Description of the task: Exactly the lines below from the line with "在此期间,玩家会不断结识一些" through the line with "A bomba d’água" must make up the answer, both ends included and pictures left out.
◇ ◇ ◇ ◇
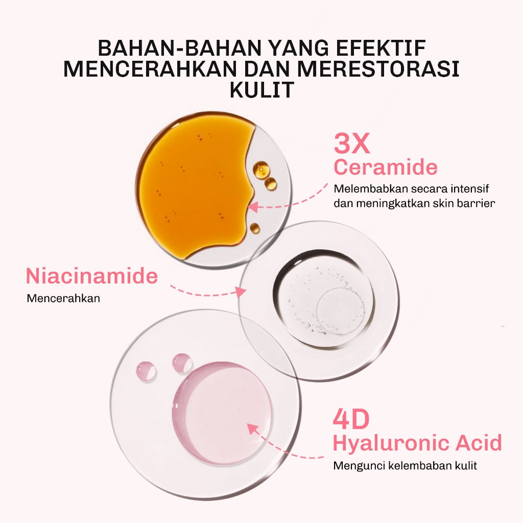 Diperkaya dengan Hyaluronic Acid dan Niacinamide untuk mencerahkan kulit dan menjaga kulit tetap terhidrasi.
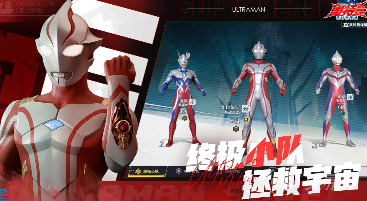 在此期间,玩家会不断结识一些强大的奥特曼,例如梦比优斯、迪迦、赛罗等等,最终和这些奥特曼结为伙伴,化身成为终极小队,参与到一场宇宙战役内。
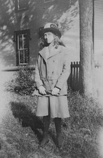 Description :UNE JEUNE FILLE DE 16 ANS CA VETUE D'UN COSTUME DEUX-PIECES ET COIFFEE D'UN CHAPEAU PREND LA POSE DEVANT UNE MAISON. ELLE TIENT SES GANTS DANS SES MAINS.
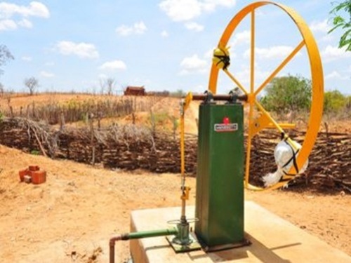 A bomba d’água popular aproveita os poços tubulares desativados para extrair água subterrânea por meio de um equipamento manual que contém uma roda volante. Quando girada, essa roda puxa grandes volumes de água, com pouco esforço físico. Pode ser instalada em poços de até 80 m de profundidade. Nos poços de 40 m, chega a puxar até mil litros de água em uma hora. É uma tecnologia de uso comunitário, de baixo custo e fácil manuseio. Se bem cuidada, pode durar até cinquenta anos. A água da bomba tem vários usos: para produzir alimentos, dar de beber aos animais e usar nos afazeres domésticos. Geralmente, cada bomba beneficia dez famílias. Foi criada pelo holandês Gert Jan Bom em 1980 e está livre para ser construída à vontade. Fonte: ASA Brasil e IRPAA
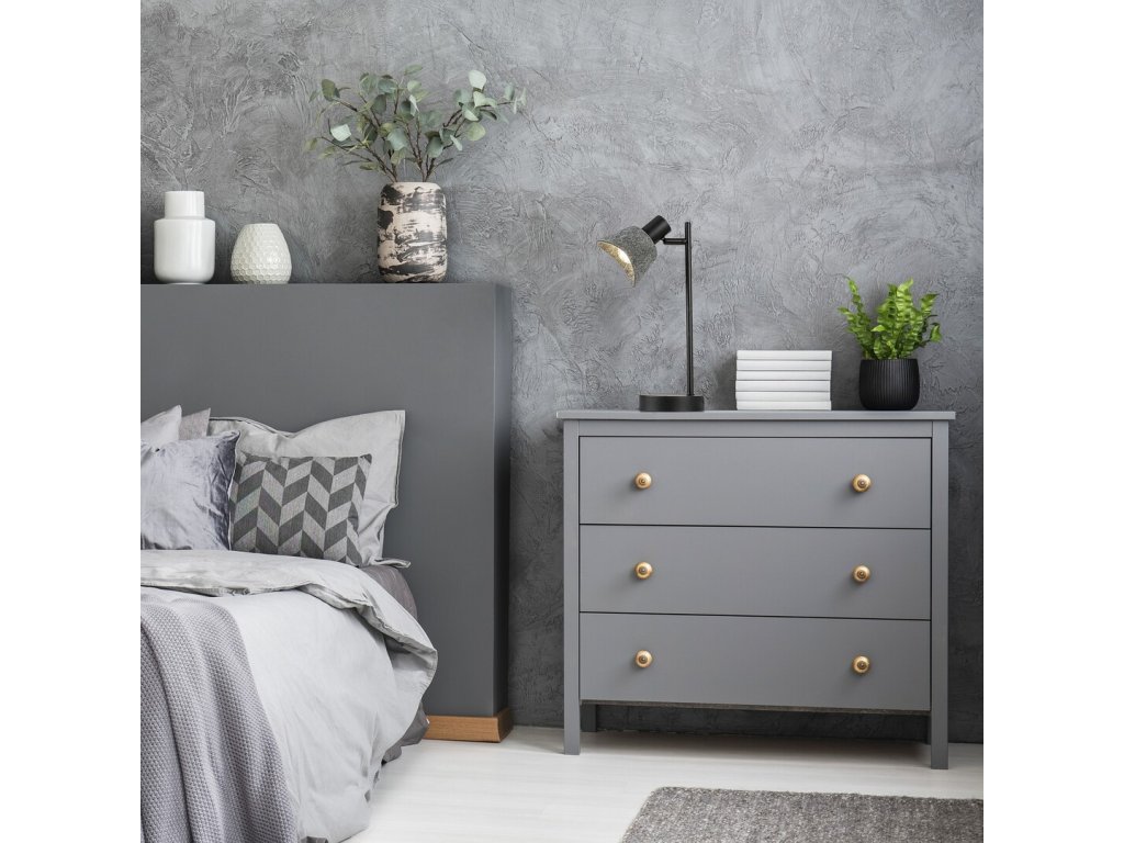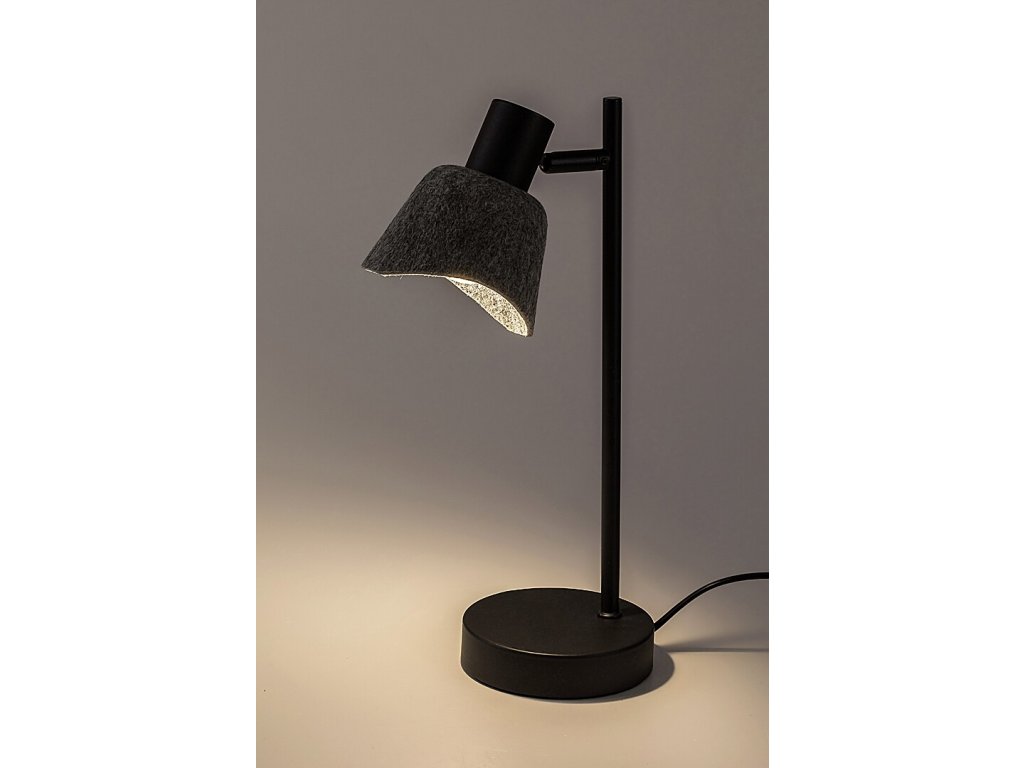 A Farelia asztali lámpa eredeti dizájnjával és kellemes anyagkombinációjával tűnik ki, amely nyugodt és otthonos légkört varázsol a belső térbe. Jellemző eleme a harang alakú, környezetbarát újrahasznosított anyagból készült szürke filc lámpaernyő. A filc puha felülete meleg és természetes hatást kelt, míg a fekete fémváz modern kontrasztot kölcsönöz a lámpának, és biztosítja a stabilitást a mindennapi használat során.
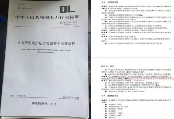 中華人民共和國電力行業(yè)標(biāo)準(zhǔn)《電力行業(yè)鍋爐壓力容器安全監(jiān)督規(guī)程》(DL/T 612-2017)(替代DL612-1996)于2017年11月15日由國家能源局發(fā)布,并于2018年3月1日實(shí)施。此規(guī)程規(guī)定了電力行業(yè)鍋爐壓力容器安全監(jiān)督要求,并在“10.安全保護(hù)裝置及儀表中10.3水位測量系統(tǒng)”引用了《火力發(fā)電廠鍋爐汽包水位測量系統(tǒng)技術(shù)規(guī)程》(DL/T1393-2014)部分內(nèi)容進(jìn)行系統(tǒng)闡述。
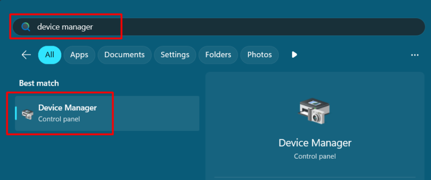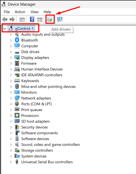 Next, open Device Manager by typing it in the search bar and selecting it. Click on your device name (for example, gControl-1), and then click the “Add drivers” icon.
◇ ◇ ◇ ◇
Written response:
 在此期间,玩家会不断结识一些强大的奥特曼,例如梦比优斯、迪迦、赛罗等等,最终和这些奥特曼结为伙伴,化身成为终极小队,参与到一场宇宙战役内。
 Description :UNE JEUNE FILLE DE 16 ANS CA VETUE D'UN COSTUME DEUX-PIECES ET COIFFEE D'UN CHAPEAU PREND LA POSE DEVANT UNE MAISON. ELLE TIENT SES GANTS DANS SES MAINS.
 A bomba d’água popular aproveita os poços tubulares desativados para extrair água subterrânea por meio de um equipamento manual que contém uma roda volante. Quando girada, essa roda puxa grandes volumes de água, com pouco esforço físico. Pode ser instalada em poços de até 80 m de profundidade. Nos poços de 40 m, chega a puxar até mil litros de água em uma hora. É uma tecnologia de uso comunitário, de baixo custo e fácil manuseio. Se bem cuidada, pode durar até cinquenta anos. A água da bomba tem vários usos: para produzir alimentos, dar de beber aos animais e usar nos afazeres domésticos. Geralmente, cada bomba beneficia dez famílias. Foi criada pelo holandês Gert Jan Bom em 1980 e está livre para ser construída à vontade. Fonte: ASA Brasil e IRPAA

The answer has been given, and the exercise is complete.